At HHS, the new interpretation announced Monday puts the agency in position to more aggressively investigate and enforce LBGTQ discrimination complaints.
"We are open for business," Robinsue Frohboese, acting director in the HHS Office for Civil Rights, said in an interview with NPR. "Ensuring the protections of individuals, of non-discrimination based on their gender identity and sexual orientation, is a critical part of our civil rights mission."
The Biden administration has yet to put forward a formal rule on this issue. Normally, federal agencies must follow a lengthy process for issuing new rules and regulations. The Trump administration's rule, which took effect in August, took about a year to finalize and is still technically on the books.

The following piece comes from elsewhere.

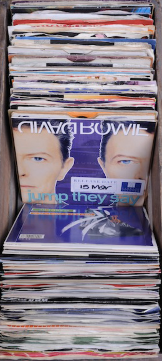 This interactive project began as a static collection of "formative" David Bowie records (depicted to the right however is now deprecated), and has been reimagined and developed into an virtual 3D record box that safely and dynmically "shelves" 11 of your last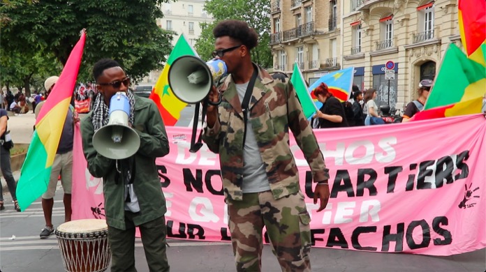 Göstericiler sık sık, Faşizmin geçmesine izin vermeyeceğiz. Her ne şekilde olursa olsun karşı çıkacağız. Faşizme karşı, ırkçılığa karşı, İslamofobiye karşı, sömürgeciliğe karşı, halkların uluslararası dayanışması için yürüyeceğiz. Fransa afrikayı sömürdüğün yetmedi mi ? Sömürmenize izin vermiyeceğiz, Fransa’nın denizaşırı kolonilerinden olan Nouvelle Kaladoniden Kanak örgütü de gösteriye katıldı.

"This is a policy announcement by the administration to say that this is the way that they read the statute and the way that they'll enforce it — and they can begin doing that without a rule," said Valarie Blake, a law professor at West Virginia University. "But I anticipate that they'll promulgate a new rule anyway that gives a little more shape to what sex discrimination means."
Frohboese declined to say whether the agency is planning to propose a new rule, saying only that the administration is "actively considering" doing so.
The Trump-era rule was itself a reversal of an Obama-era executive action. The Trump administration had worked to define protections against sex discrimination throughout government to exclude LGBTQ people.
When that rule was finalized last year, LGBTQ people and advocates criticized the change, saying it could have a chilling effect on gay and transgender people seeking needed health care.
"Our mission as the Department of Health and Human Services is to enhance the health and well-being of all Americans, including LGBTQ individuals and everyone. Everyone needs access to health care. No one should be discriminated against in this. This change in rules and regulations will help us do that," said Dr. Rachel Levine, assistant secretary for health, who in March became the first openly transgender person to serve in a Senate-confirmed position.
Advocacy groups such as the ACLU and Lambda Legal applauded Monday's announcement but continued to push for a full rollback of the Trump administration's rule. In addition to limiting the definition of sex discrimination, the change under Trump included a number of other provisions, such as eliminating a requirement to include notice of nondiscrimination policies in multiple languages in health-related mailings and reducing the number of entities covered by the law's nondiscrimination provision.
"The significant step taken today is just one step in what is a long road to undo the undermining of health care protections for all people under the Trump administration," Omar Gonzalez-Pagan, an attorney with Lambda Legal, said in a statement.
The announcement from HHS comes as conservative state legislatures are working to enact a variety of bills targeting transgender people. Last month in Arkansas, legislators overrode Gov. Asa Hutchinson's veto to enact a new law banning doctors from providing gender-affirming medical care to transgender youth.
It was not immediately clear what legal effect the HHS announcement would have on the Arkansas legislation and other similar laws in the works across the country.
"I think that there'll need to be a significant legal analysis about how this guidance and this change in rules interacts with those laws," Levine told NPR.
In the meantime, hospitals and other health care providers in places such as Arkansas that rely heavily on federal funds may feel they are in a bind with competing legal directives about providing care to transgender youth, according to Blake.
"They have state law — with whatever penalty that might be — but breathing down their necks, they have federal regulators that can pull away their Medicare and Medicaid money," she said.